Blue-eyed humans have a single, common ancestor
Posted 30 January 2008
New research shows that people with blue eyes have a
single, common ancestor. A team at the University of
Copenhagen have tracked down a genetic mutation which took
place 6-10,000 years ago and is the cause of the eye colour
of all blue-eyed humans alive on the planet today.
What is the genetic mutation
“Originally, we all had brown eyes”, said Professor
Eiberg from the Department of Cellular and Molecular
Medicine.
“But a
genetic mutation
affecting the OCA2 gene in our
chromosomes resulted in the creation of a “switch”, which
literally “turned off” the ability to produce brown eyes”.

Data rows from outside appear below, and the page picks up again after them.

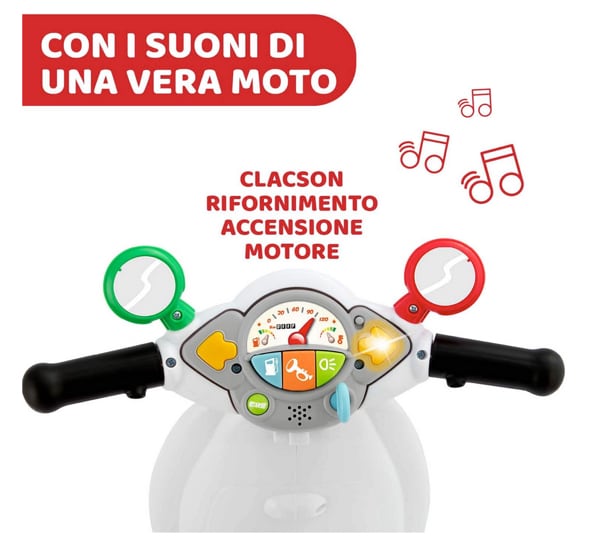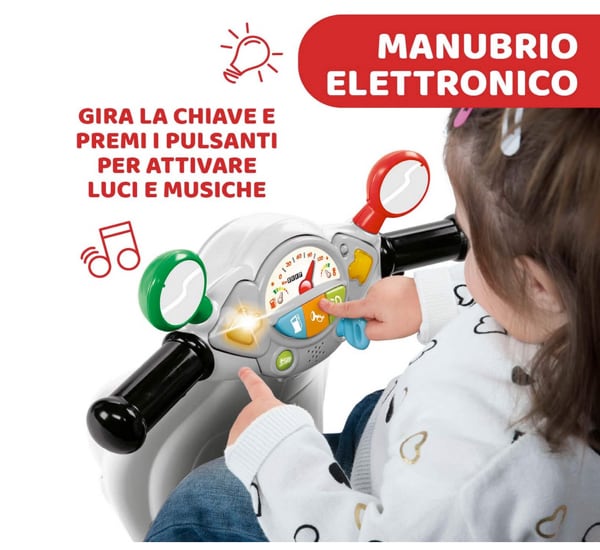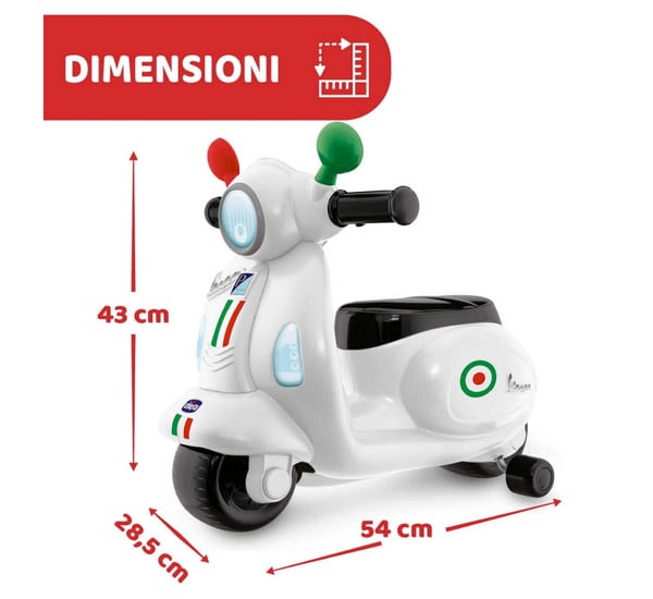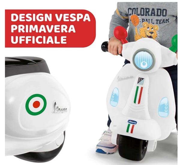 VESPA CHICCO for children, Primavera model, rideable, with electronic panel, lights, and sounds, removable training wheels, for children 1-3 years of age. Colours: white, red, pink.
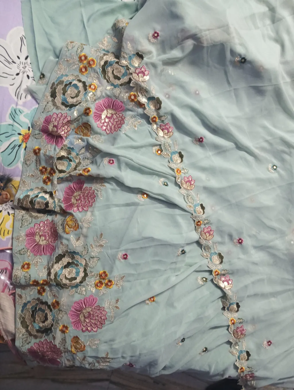 choli : Faux Georgette Fabric With Sequence Embroidery Thread Work (unstitch 1Mtr)
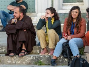 Вместе с молодыми людьми размышляли братья-монахи (в диалоге с ними участвовали кустод Святой Земли о. Франческо Иельпо, OFM и проповедник Папского дома о. Роберто Пазолини, OFMcap), сёстры-монахини, а также представители мира искусства и культуры, политические и общественные деятели.
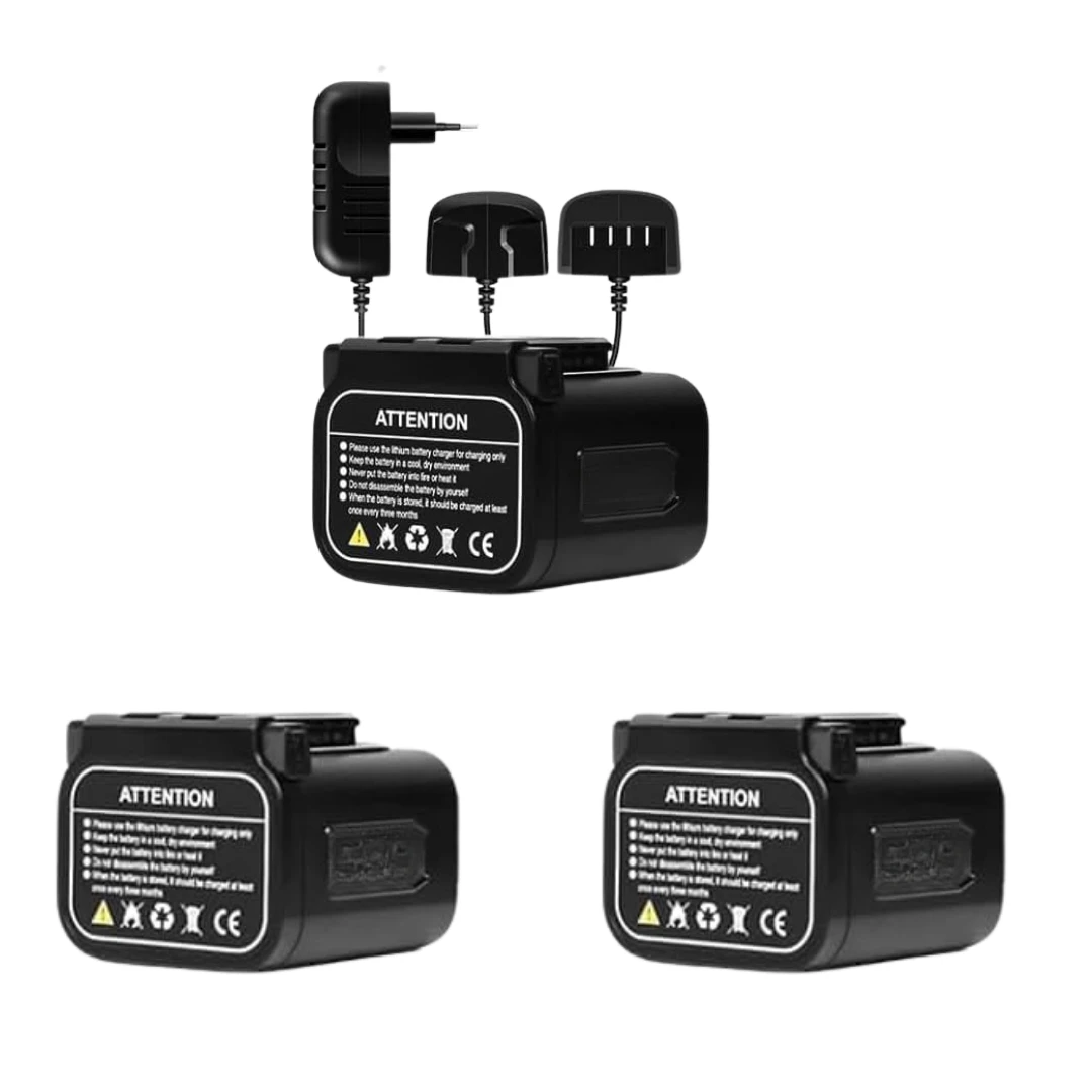 Tre batterie al litio da 3.000 mAh, una per strumento, fino a 180 minuti di autonomia. Si ricaricano sulla mini base inclusa e sei sempre operativo.
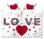 Romantische Partnerbettwäsche aus Mikrofaser im modernen Design mit großem „LOVE“-Schriftzug und Herzmotiven. Die Vorderseite zeigt ein stilvolles Karomuster, umgeben von kleinen roten Herzen. Die Kopfkissen sind mit einem großen roten Herzaufdruck und der Aufschrift „SWEET LOVE“ versehen. Die kuschelweiche Mikrofaser sorgt für angenehmen Schlafkomfort und ist pflegeleicht.

The OCA2 gene codes for the so-called P protein, which is
involved in the production of melanin, the pigment that
gives colour to our hair, eyes and skin. The “switch”, which
is located in the gene adjacent to OCA2 does not, however,
turn off the gene entirely, but rather limits its action to
reducing the production of melanin in the iris – effectively
“diluting” brown eyes to blue. The switch’s effect on
OCA2 is very specific therefore. If the OCA2 gene had been
completely destroyed or turned off, human beings would be
without melanin in their hair, eyes or skin colour – a
condition known as albinism.
Limited genetic variation
Variation in the colour of the eyes from brown to green
can all be explained by the amount of melanin in the iris,
but blue-eyed individuals only have a small degree of
variation in the amount of melanin in their eyes. “From this
we can conclude that all blue-eyed individuals are linked to
the same ancestor,” says Professor Eiberg. “They have all
inherited the same switch at exactly the same spot in their
DNA.” Brown-eyed individuals, by contrast, have considerable
individual variation in the area of their DNA that controls
melanin production.
Professor Eiberg and his team examined mitochondrial DNA
and compared the eye colour of blue-eyed individuals in
countries as diverse as Jordan, Denmark and Turkey. His
findings are the latest in a decade of genetic research,
which began in 1996, when Professor Eiberg first implicated
the OCA2 gene as being responsible for eye colour.
Nature shuffles our genes
The mutation of brown eyes to blue represents neither a
positive nor a negative mutation. It is one of several
mutations such as hair colour, baldness, freckles and beauty
spots, which neither increases nor reduces a human’s chance
of survival. As Professor Eiberg says, “it simply shows that
nature is constantly shuffling the human genome, creating a
genetic cocktail of human chromosomes and trying out
different changes as it does so.”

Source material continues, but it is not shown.